_TASK PROMPT_:
Once the pictures are removed, restate the listing word for word.

_AVAILABLE DATA_:

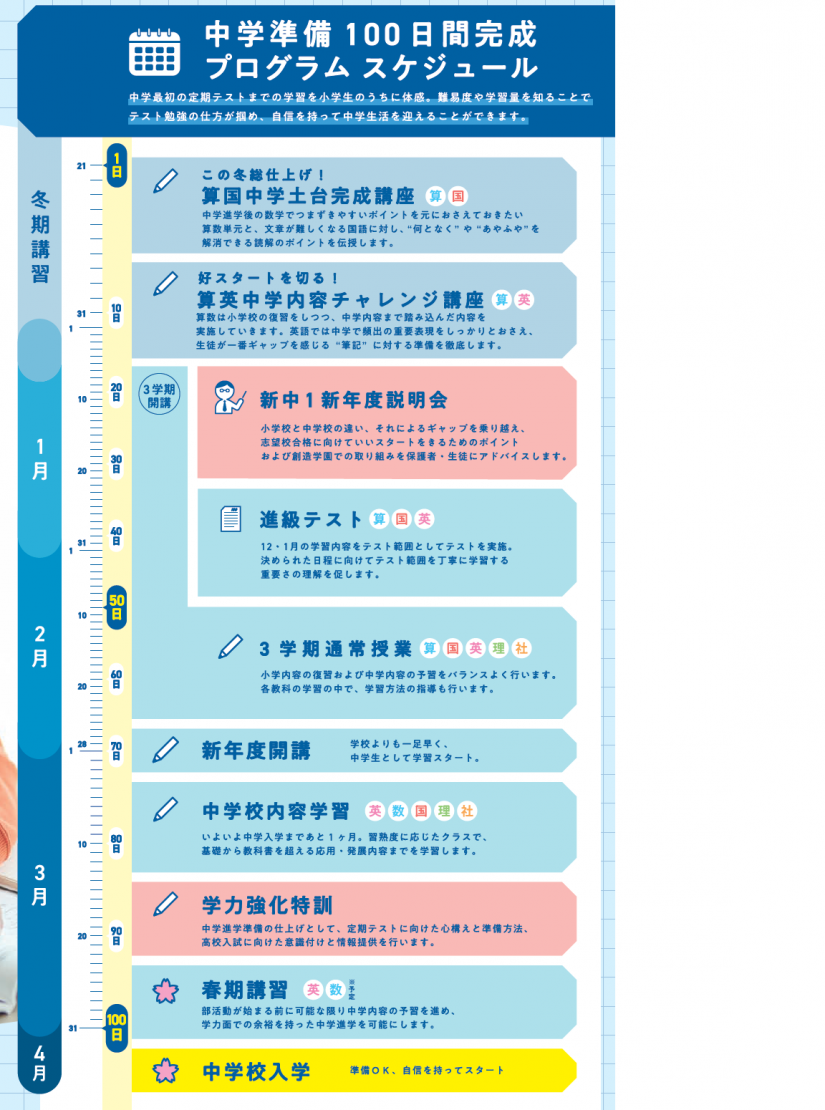 エディックの冬期講習は、小学内容の総仕上げとともに中学内容の先取り学習。学習面での不安を中学進学前に取り除きます。また、オリエンテーションやがんばりカップで学習意欲を引き出し、モチベーションも高めていきます。欠席やつまずきはケアデーで丁寧にフォロー。納得いくまで学習を支援することで、一人ひとりが新たな目標に自信を持って取り組んでいけます。エディックの冬期講習は、学習面・生活面の両方からみなさんをサポートし、中学最初のテストでライバル達に差をつけます!!みなさんも、この冬、学習習慣・生活習慣をしっかり固め、春から自信をもって中学生活の好スタートを切ろう!!
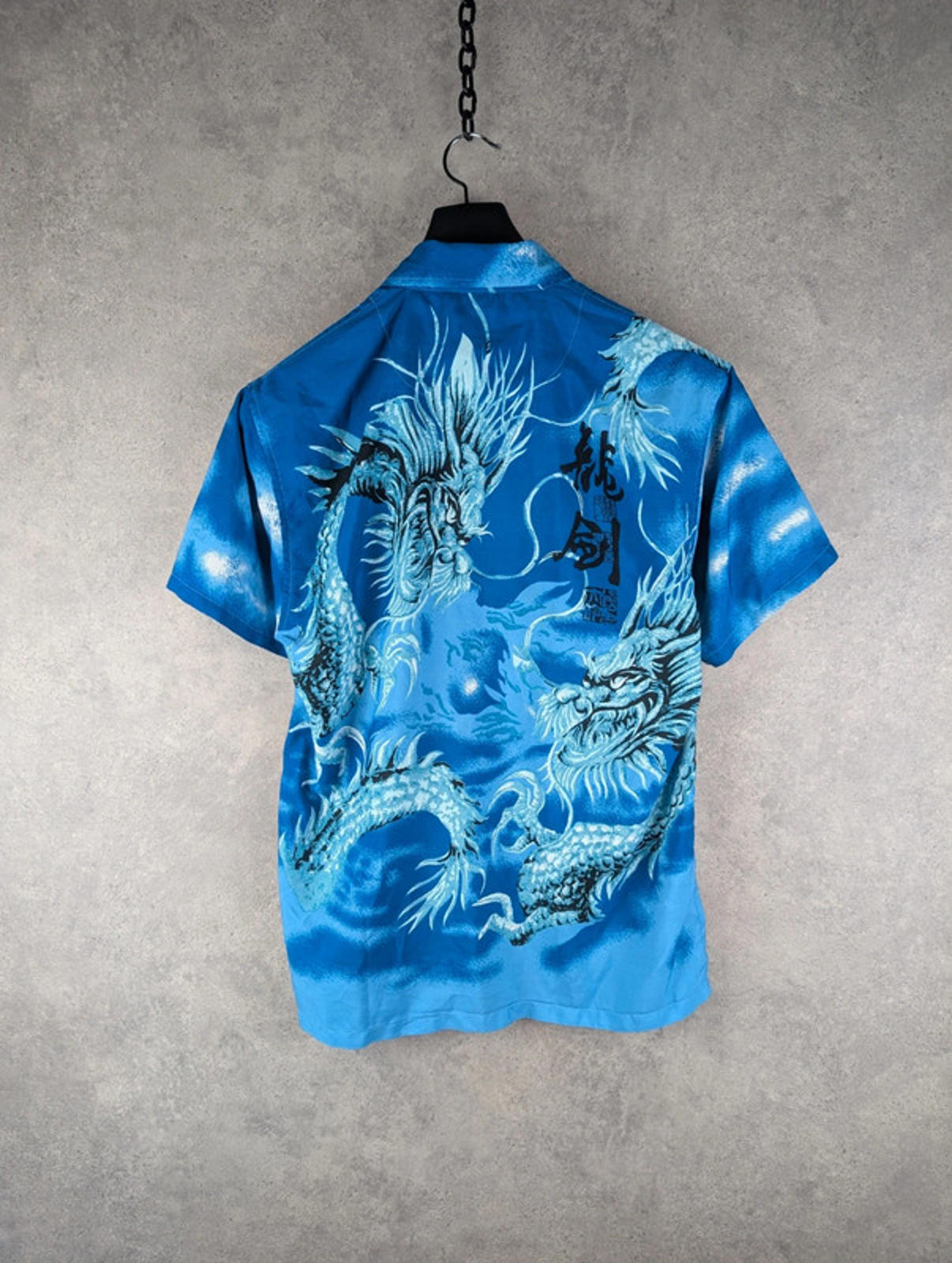 Increase quantity for Here & There Dragon Print Shirt Mens M Medium Dragon Y2K Short Sleeve
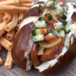 - Creamy and Savory – Vegan cream cheese and pretzel buns are a perfect match.
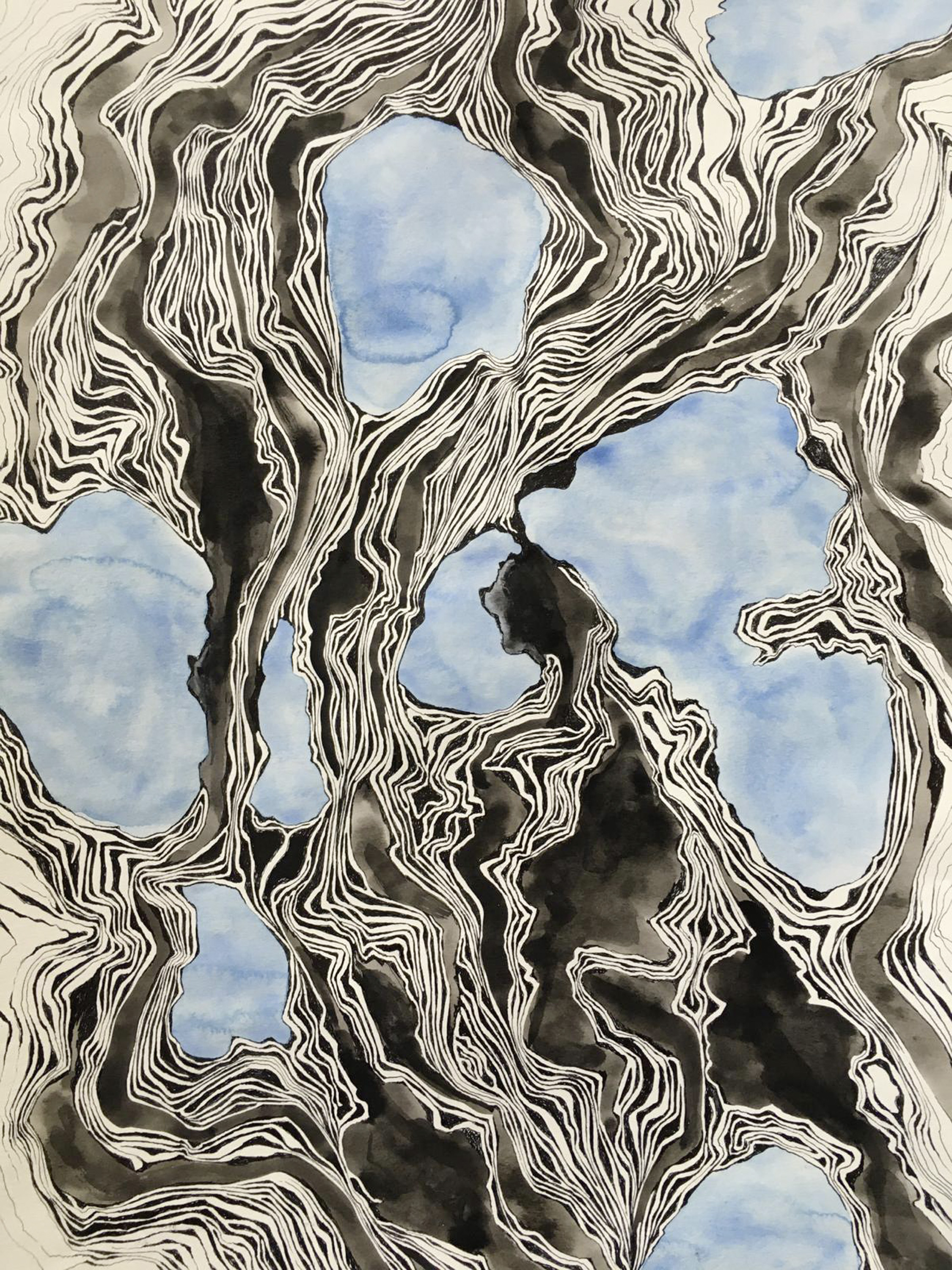 Eva Zollinger zeigt ihre fein gezeichneten Kugelschreiberbilder organischer Formen, welche durch die Natur inspiriert sind und die sie zu neuen Formen weiterentwickelt.

_EXERCISE SOLUTION_:
 エディックの冬期講習は、小学内容の総仕上げとともに中学内容の先取り学習。学習面での不安を中学進学前に取り除きます。また、オリエンテーションやがんばりカップで学習意欲を引き出し、モチベーションも高めていきます。欠席やつまずきはケアデーで丁寧にフォロー。納得いくまで学習を支援することで、一人ひとりが新たな目標に自信を持って取り組んでいけます。エディックの冬期講習は、学習面・生活面の両方からみなさんをサポートし、中学最初のテストでライバル達に差をつけます!!みなさんも、この冬、学習習慣・生活習慣をしっかり固め、春から自信をもって中学生活の好スタートを切ろう!!
 Increase quantity for Here & There Dragon Print Shirt Mens M Medium Dragon Y2K Short Sleeve
 - Creamy and Savory – Vegan cream cheese and pretzel buns are a perfect match.
 Eva Zollinger zeigt ihre fein gezeichneten Kugelschreiberbilder organischer Formen, welche durch die Natur inspiriert sind und die sie zu neuen Formen weiterentwickelt.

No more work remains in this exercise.